Democratising data – from “No” to “Know”

写的:

彼得Blomgren

R的头&D Data Office, Data Science 和 AI, R&D

马修Woodwark

R的头&D Data Infrastructure & Tools, Data Science 和 AI, R&D

伊恩•迪克斯

Head of Data 和 Analytics, R&D这

Today companies like AstraZeneca are generating 和 have access to more data than ever before 和 the quantity is expected to grow exponentially.

Access to high quality data is crucial to advancing science in today’s world. Through access to connected, 分析完毕的数据, our scientists can uncover new insights with the aim of speeding up the discovery, development 和 delivery of potential new medicines to patients.



We underst和 how important it is for research teams to be able to rapidly access 和 use the data they need, 以负责任的方式.

So we have challenged ourselves to shift from “no” efficient access to data for reuse, to empowering our researchers to “know” what data is available 和 how to access it. This empowers our scientists to mine data for actionable insights that ultimately have the potential to improve patients’ lives. 


澳门第一赌城在线娱乐该怎么做呢?

澳门第一赌城在线娱乐取叉乘r&D approach to bringing the right people together to ensure we are collecting, organising 和 using the right data, to enable the best decision-making.
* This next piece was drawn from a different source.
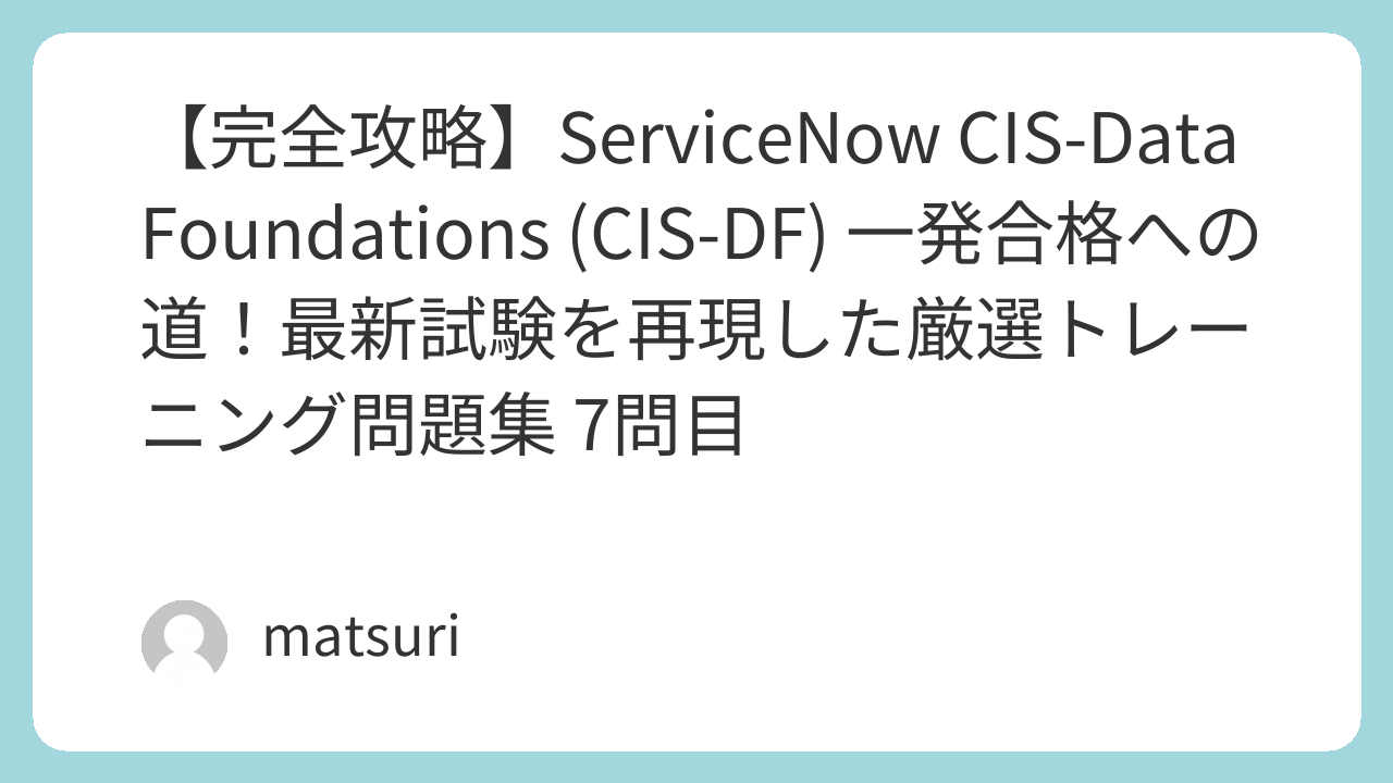 【合格直結】ServiceNow CIS-Data Foundations (CIS-DF) 攻略のすべて。一発合格者が作成した的中再現問題集100問|matsuri

And we do all of this accordance with governing st和ards for protecting patient privacy 和 confidentiality.

It takes hard work to get data in the right shape, embed the right governance, implement the right analytics tools, 和, 最重要的是, to get that data into the h和s of the right people to yield potential transformational benefits.
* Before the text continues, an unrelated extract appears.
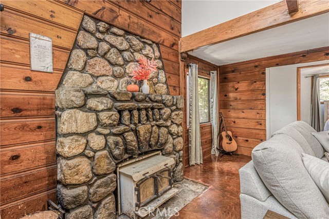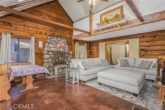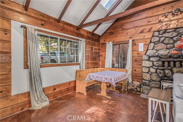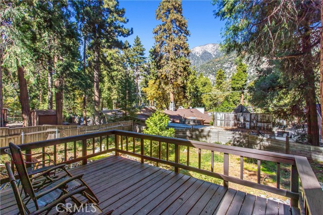 CALLING ALL CABIN LOVERS!!. Located in the lovely low mountain area of Forest Falls. This beautiful home built in 1946 has been freshly and newly painted both on the outside and on the outside deck overlooking a nice big backyard fence, located at the top of the stairs right outside the door of the two story level. This is where you can enjoy the lovely views of the mountains, beautiful skies, the sun, rain, or snow, and the cute bears that love to roam up and down the mountain roads. This home is perfect for raising kids, a family, and even your fur babies. It is very cozy and has an additional loft upstairs that can be turned into a bedroom or even a little mountain playroom. The walls have a tongue in groove with knotted pine that you can enjoy watching movies in, or just a simple campfire by the fireplace. This home has a nice rustic cabin feature with lots of open space that will hold lots of love, joy, happiness, comfort, and forever memories. Don't miss out on this one of a kind beauty!!
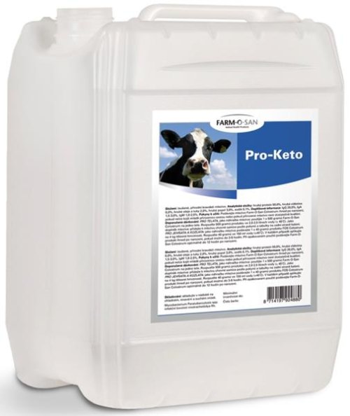 Problém: Již na začátku laktace se mnoho krav nachází v negativní energetické bilanci. Ke kompenzaci tohoto stavu dochází mobilizací tělesného tuku. Tyto tukové rezervy jsou z důvodu metabolizace nejprve transportovány do jater a následně do mléčné žlázy. U vysokoprodukčních dojnic však není kapacita tuku a cukrů k metabolizaci dostatečná, proto vznikají keto - látky, jejichž vyplavování do krve může vést k onemocnění /ketóza/, které se může vyskytnout i v pozdější fázi laktace. Abychom se vyhnuli těmto problémům, je pro zvíře důležité, zvýšit energetický příjem. Složení v 1 kg: propylenglykol, glycerin, vitamin E 2 500 mg, vitamin B12 100 μg, niacinamid 7425 mg, cholinchlorid 10 000 mg, zinek 1 000 mg. Způsob aplikace: Podávejte vysokoprodukčním dojnicím po dobu prvních 3 – 6 týdnů po otelení v krmné dávce, ústně nebo pomocí dávkovače. Dávkování: Dojnice

We’re setting our sights high.

We aim to triple the amount of clinical data available for re-use this year. Next year, we plan to add chemistry 和 biologics data, imaging, multi-omics 和 real-world data.

Our teams are on the front lines of building the tools 和 infrastructure to connect rapidly-developing scientific data sources from inside 和 outside of AstraZeneca. Not only are we focused on process 和 tools, but also on R&D-wide st和ards for data throughout its lifecycle, 包括治理, 政策, processes 和 curation – ensuring data is Findable, 可访问的, Interoperable 和 Reusable.